Oliver is determined to meet every one.

"Good morning, sir," Oliver says, introducing himself to an older man. The candidate shakes hands, shares a photo card that outlines his platform - strong schools, stable jobs, fairness - and his social-media contacts, then moves to the next person.

"Who else is running?" demands Joe Murray, 52. "I never heard of you."

Others know him well.

Mayor Nutter hired Oliver as press secretary upon taking office in 2008, as the nation's financial markets veered toward collapse and the city's peril drew relentless local news coverage. Oliver's calm and presence led a colleague to tag him with a nickname: Silk.

He's the grandson of missionaries who taught the Bible in India, the son of a single mother who worked temp jobs to feed him and his brother. He's never met his father.
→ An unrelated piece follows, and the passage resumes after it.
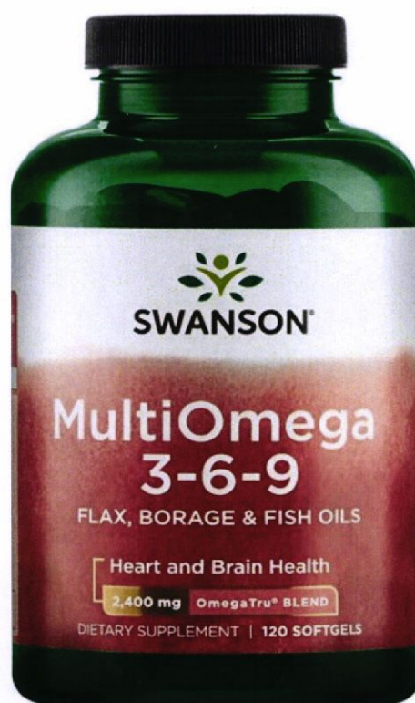
Figure 5. Unregistered SWANSON MultiOmega 3-6-9, Flax, Borage & Fish Oils, Heart and Brain Health, 2400mg OmegaTru Blend, Dietary Supplement, 120 Softgels

Growing up in Germantown, Oliver bounced among schools until high school, when he was accepted at the Milton Hershey School, a boarding school for poor children in Hershey, Pa.

At Lock Haven University, he played basketball and studied the Rev. Dr Martin Luther King Jr. His mother's belief in education in his ears, he earned a master's at La Salle University and an MBA from St. Joseph's University.

His middle initial, the "I" in Douglas I. Oliver, stands for Ifanyi, a name from the Igbo people of Nigeria. It means, "With God, all things are possible."

To Oliver, it's a constant reminder that he is called to act: "If any, I."

Oliver offers himself as a new, young candidate for a changing Philadelphia. Pundits say he has little chance, lacking experience, money, and name recognition.

"He's basically a sideshow," said Randall Miller, a St. Joseph's professor who studies city politics. "He's on the same [debate] panels. Out of courtesy, he gets questions. But nobody really pays much attention to him."

Does Oliver believe he will win? "I believe I can win," he answered.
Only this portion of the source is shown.